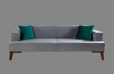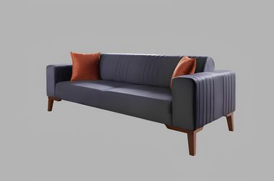Sofa 3 Sitzer Designer Sofa Couch Polster Sofa Couchen Holz Textil Grau
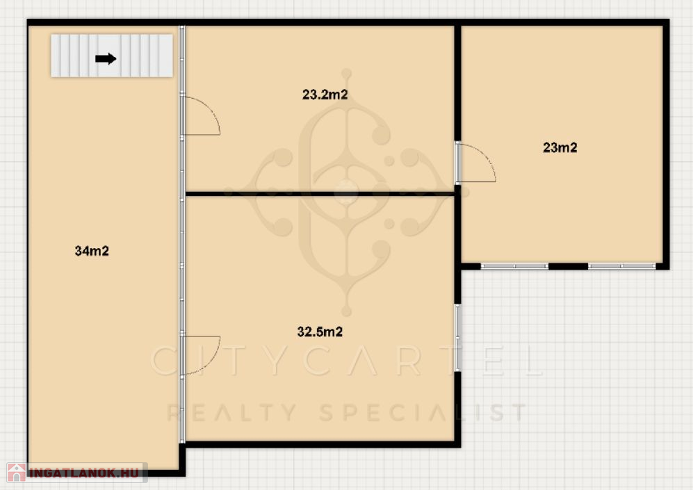 Pince: 72 nm – konyha, öltöző, tároló, 2 toalett
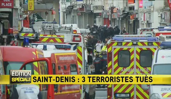 Les Echos cho biết cảnh sát chống khủng bố với trực thăng yểm trợ tấn công một căn hộ ở Saint-Denis, ngoại ô Paris, trong đó các nghi phạm cố thủ. Những tiếng súng đầu tiên được nghe thấy khoảng 4 giờ 30 sáng (10 giờ 30 giờ VN). Chủ mưu các cuộc tấn công Paris, Abdelhamid Abaaoud, là mục tiêu của chiến dịch ở Saint-Denis.
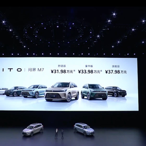 问界M7售价为31.98万-37.98万元,搭载HUAWEI DriveONE纯电驱增程平台、AITO零重力座椅和全新升级的HarmonyOS智能座舱、6座大空间等。
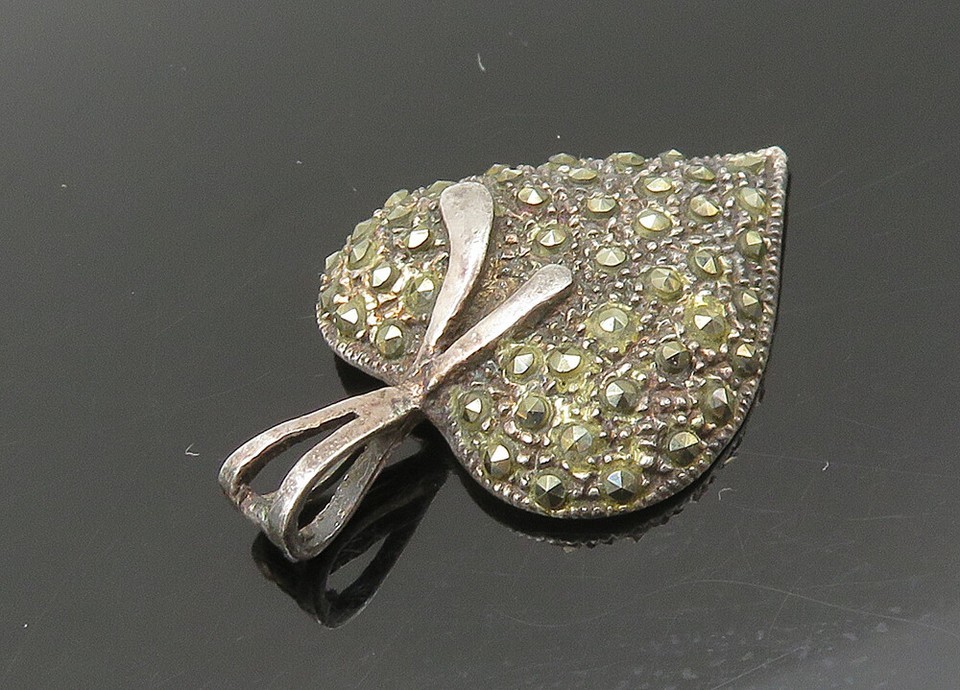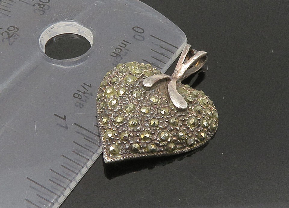 925 Sterling Silver Vintage Sparkling Marcasite Love Heart Pendant PT18054
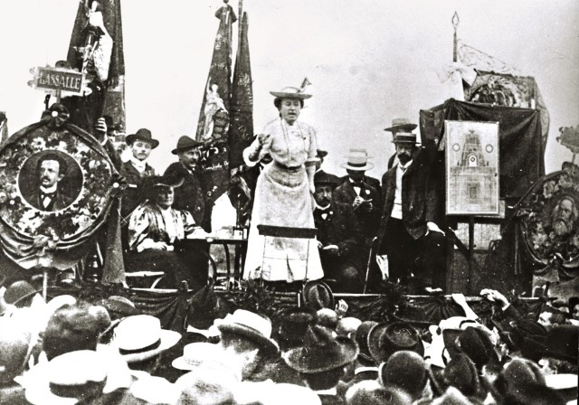 А может Клара Цеткин тут одета как обычная работница фабрики? Или Роза Люксембург? Они одеты как типичные представители интеллигенции, но на фоне них довольно скромно. Не говоря уже о том, что на фоне богачей они вообще босяки.

:::

- _Assigned task_
Restate the listing above word for word. Leave the images out.

- _Result of the exercise_
Sofa 3 Sitzer Designer Sofa Couch Polster Sofa Couchen Holz Textil Grau
 Pince: 72 nm – konyha, öltöző, tároló, 2 toalett
 Les Echos cho biết cảnh sát chống khủng bố với trực thăng yểm trợ tấn công một căn hộ ở Saint-Denis, ngoại ô Paris, trong đó các nghi phạm cố thủ. Những tiếng súng đầu tiên được nghe thấy khoảng 4 giờ 30 sáng (10 giờ 30 giờ VN). Chủ mưu các cuộc tấn công Paris, Abdelhamid Abaaoud, là mục tiêu của chiến dịch ở Saint-Denis.
 问界M7售价为31.98万-37.98万元,搭载HUAWEI DriveONE纯电驱增程平台、AITO零重力座椅和全新升级的HarmonyOS智能座舱、6座大空间等。
 925 Sterling Silver Vintage Sparkling Marcasite Love Heart Pendant PT18054
 А может Клара Цеткин тут одета как обычная работница фабрики? Или Роза Люксембург? Они одеты как типичные представители интеллигенции, но на фоне них довольно скромно. Не говоря уже о том, что на фоне богачей они вообще босяки.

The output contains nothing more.